The captain of the hijacked aircraft, Arturo Reina, explained in an interview with Radio Caracas Televisión (RCTV) years later that the hijackers never confirmed what they were seeking. Although available recordings of negotiations between police forces and the hijackers do not indicate political motives, the men demanded weapons and money at the start of the discussions. The Spanish newspaper El País suggested the theory that the hijacking of the Aeropostal aircraft may have been intended to obtain funds and weapons for the Haitian opposition against dictator Jean-Claude Duvalier and linked Dominique Hilertant to political activism in Haiti, noting that: “In January 1983 (Hilertant) made statements in Santo Domingo in which he promised to fight against the Haitian regime. He then stated that he had recruited Dominican mercenaries.” One of those recruits was reportedly his accomplice Segundo Félix Castillo. The Spanish newspaper La Vanguardia also confirmed links between the hijackers and alleged plans to overthrow the dictator.

The hijackers met in a prison in the Dominican Republic and had shared the same boarding house in El Silencio, in Caracas, for several months. Hilertant was a former captain in the Haitian army who worked as a night porter at a hotel in Caracas and had been arrested in December 1982 for arms smuggling from the Dominican Republic in connection with a conspiracy against Duvalier. Segundo held multiple jobs, working as a welder in several countries.

== Rescue ==
Specialists from civilian and military units from the United States, originating from Fort Bragg, the base of the special operations unit Delta Force, arrived in Curaçao.
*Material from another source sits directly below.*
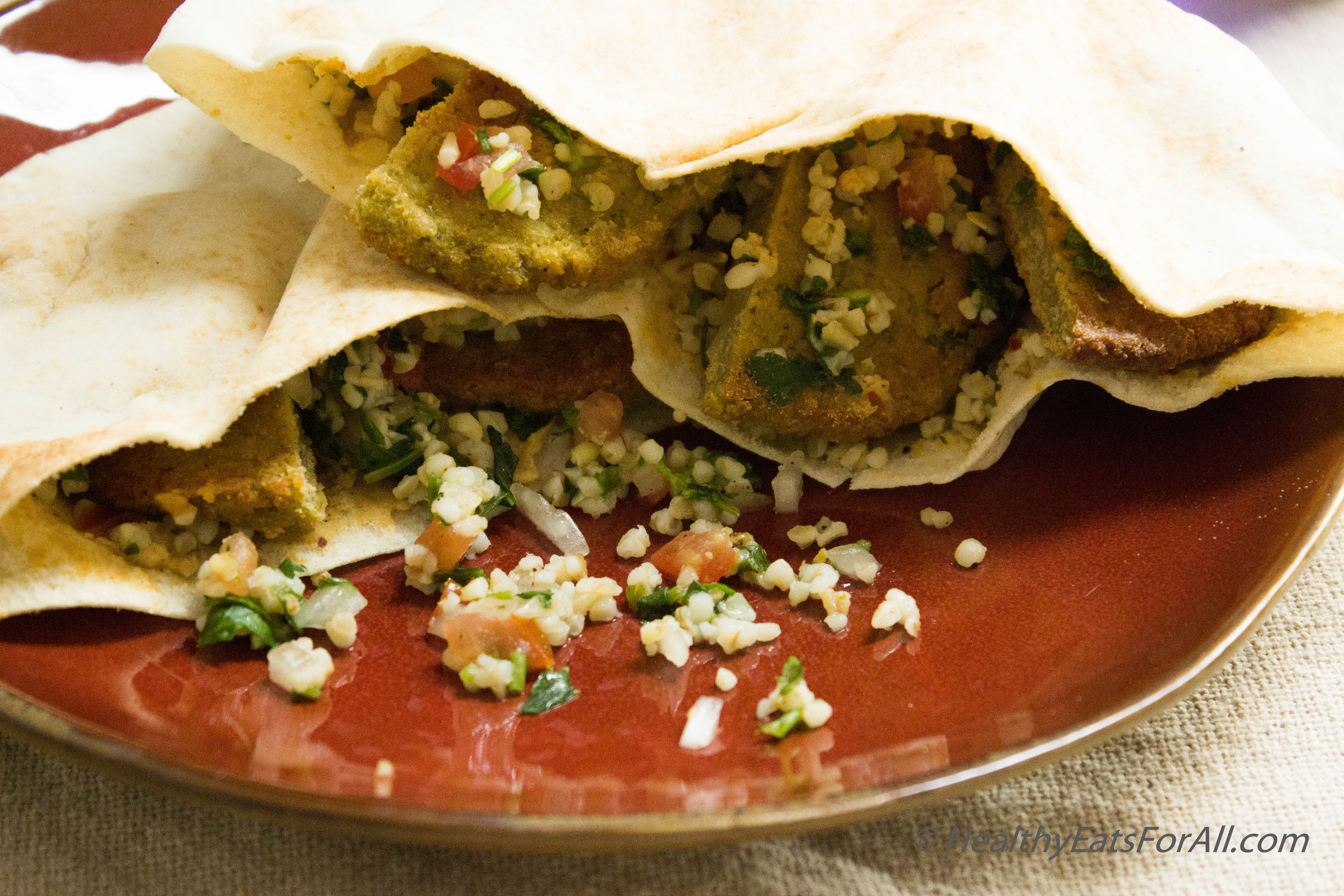 · To serve them, cut the pita bread into half and slightly warm it. Open the pockets, put a layer of Hummus(check out my recipe) in it. Add about 1-1 ½ falafel, puts lots of Tabbouleh Salad in there or if you don’t have that plenty of chopped lettuce and tomatoes and some hot sauce at the end. Some people prefer adding tahini sauce or Tzatziki sauce. It’s totally up to you.

Henry López Sisco, commissioner general of the DISIP, met with the group on at least five occasions. Each side had prepared plans, but the final decision was taken by the prime minister of the Netherlands Antilles. The hijackers threatened to blow up the aircraft if they did not receive the money and helicopter they had demanded. Two hours before the assault, a technician from the regional airline Air ALM secretly boarded the aircraft, deflated the nose wheel, and removed several fuses in order to prevent the aircraft from taking off. Denys Martínez spoke by telephone with her husband Hilertant and asked him to abandon the threat of blowing up the aircraft. Finally, at 1:50 a.m., a twelve-man Venezuelan commission carried out a coordinated operation with airport authorities, switching off the airport lights, approaching the aircraft from different directions, and firing at its wheels. According to passengers, Dominique Hilertant noticed that an assault had begun and started pouring gasoline inside the aircraft. The commandos stormed the plane using stun grenades and killed Segundo Félix; Hilertant attempted to ignite the aircraft as they entered but was shot by the agents. All three doors of the aircraft were opened almost simultaneously and the hostages were released. Several passengers were taken to St. Elizabeth Hospital for treatment of exhaustion and minor injuries. The Aeropostal flight later returned to Caracas and brought all passengers back the following day, although it had to fly at low altitude due to multiple bullet holes in the fuselage.

After the events, several Haitian migrants were arrested in Zulia but were released hours later. The pregnant wife of Hilertant was deported to Colombia.